Add script to identify SQL queries unique to MR
What does this MR do and why?
This MR introduces a new feature to identify SQL queries that are added in merge requests, building on our recently improved fingerprinting system. This implements the final piece of Automated Query Analysis for Merge Requests (&8440) by adding an automated SQL query differ for merge requests.
When developers add new database queries in their code changes, these can potentially impact database performance. Currently, there's no automated way to identify new query patterns introduced in an MR, making it difficult to catch performance issues early in the development cycle.

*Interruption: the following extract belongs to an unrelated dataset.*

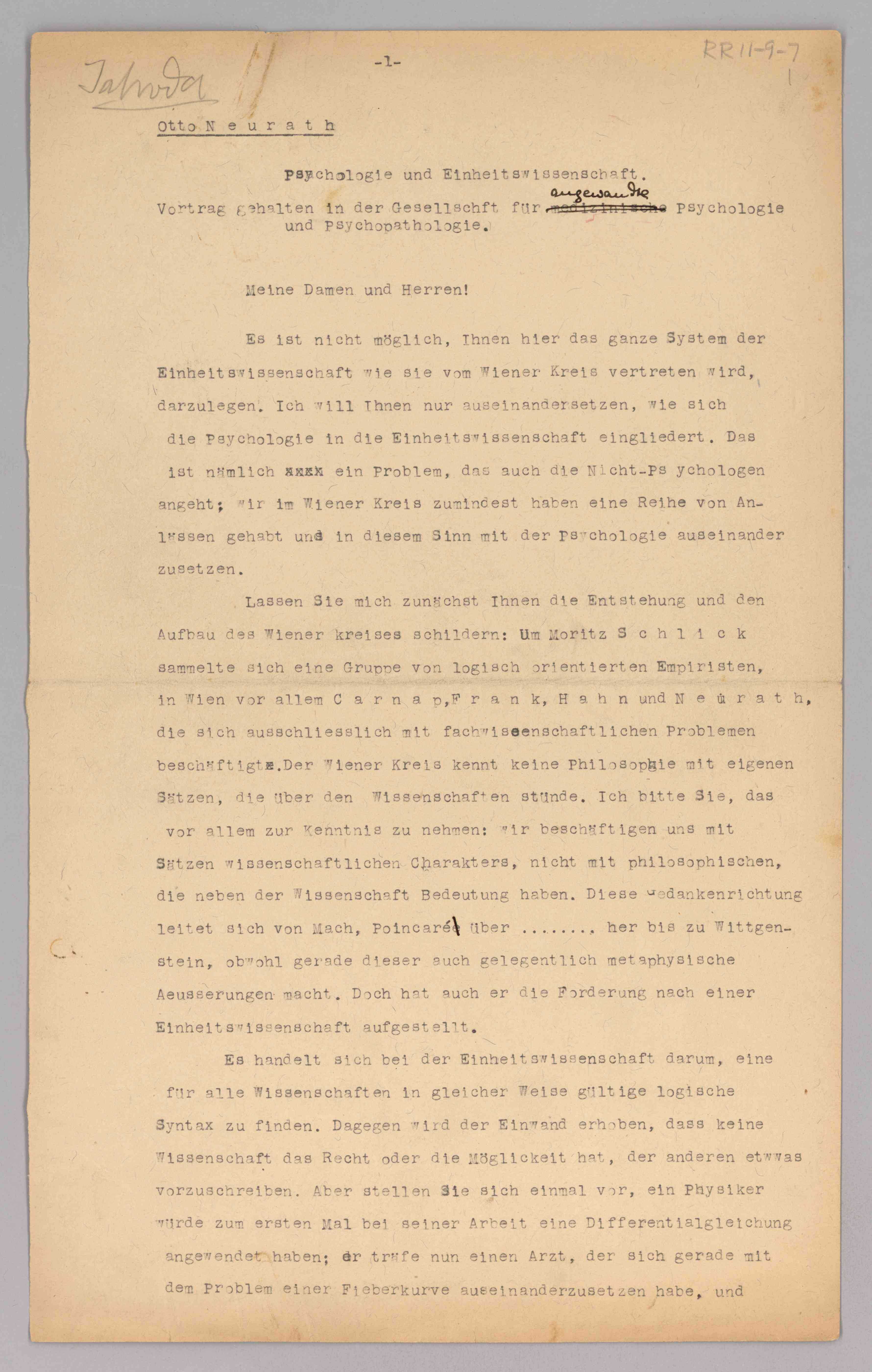 ASP Archive>Rand Collection>Box 11>Folder 9 ''Wiener Kreis᠄ Vorträge und Diskussion'' and ''Thesen,'' 1931-1932 and undated

With this MR we are adding a new merge_request_query_differ
script that:
- Extracts SQL fingerprints from an MR's auto-explain logs
- Downloads the consolidated master fingerprints package Improve SQL fingerprint extraction to track uni... (!188275 - merged)
- Compares the MR fingerprints against master to identify truly new query patterns
- Generates a detailed report of new SQL queries with their execution plans: Stored in artifact on
rspec:merge-auto-explain-logs
job
The CI configuration has been updated to:
- For master branch: continue extracting and consolidating fingerprints as before
- For MRs: automatically run the query differ and generate a report of new queries
This should help us by improving
- Early detection of potentially problematic SQL queries
- Increased visibility into database impact of code changes
- More efficient code reviews by highlighting specific database changes
- Improved database performance by catching inefficient queries before they reach production
References
- Depends on Improve SQL fingerprint extraction to track uni... (!188275 - merged)
- Automated Query Analysis for Merge Requests (&8440)
How to set up and validate locally
-
For CI, check logs and artifacts of
rspec:merge-auto-explain-logs
jobs -
To run the script locally,
# download artifacts from either the `rspec:merge-auto-explain-logs` job, or from individual `rspec:` jobs and place in a directory named `auto_explain`
gitlab git:(jmd/optomize-extract-upload-fingerprints) ls -al auto_explain
total 17008
drwxr-xr-x 4 john staff 128 Apr 18 11:41 .
drwxr-xr-x@ 130 john staff 4160 Apr 17 03:38 ..
-rw-r--r--@ 1 john staff 8254650 Apr 16 20:50 auto_explain.ndjson.gz
-rw-r--r--@ 1 john staff 446715 Apr 16 20:16 rspec-unit-pg16-33-44.346.main.ndjson.gz
➜ gitlab git:(jmd/optomize-extract-upload-fingerprints) ./scripts/merge_request_query_differ.rb ./auto_explain/auto_explain.ndjson.gz
I, [2025-04-18T11:42:21.950982 #32998] INFO -- : MR Query Diff: Analyzing new queries in MR compared to master
I, [2025-04-18T11:42:21.951018 #32998] INFO -- : Extracting queries from MR file: ./auto_explain/auto_explain.ndjson.gz
I, [2025-04-18T11:42:22.393775 #32998] INFO -- : Extracted 25092 queries from MR file
I, [2025-04-18T11:42:22.399682 #32998] INFO -- : Found 25092 total queries in MR
I, [2025-04-18T11:42:22.399709 #32998] INFO -- : Fetching master fingerprints from consolidated package...
I, [2025-04-18T11:42:22.402036 #32998] INFO -- : Downloading from: https://gitlab.com/api/v4/projects/278964/packages/generic/auto-explain-logs/master/query-fingerprints.tar.gz
I, [2025-04-18T11:42:23.944731 #32998] INFO -- : Loaded 34227 master fingerprints from consolidated package
I, [2025-04-18T11:42:23.944840 #32998] INFO -- : Filtering 25092 queries against master fingerprints...
I, [2025-04-18T11:42:24.038906 #32998] INFO -- : Filtered out 25073 existing queries, 19 new queries found
I, [2025-04-18T11:42:24.038953 #32998] INFO -- :
Final result: 19 new queries compared to all master packages
I, [2025-04-18T11:42:24.040760 #32998] INFO -- : Report saved to ./auto_explain/new_sql_queries.md
A sample artifact manually added for review in: !188201 (comment 2458275985)
MR acceptance checklist
Evaluate this MR against the MR acceptance checklist. It helps you analyze changes to reduce risks in quality, performance, reliability, security, and maintainability.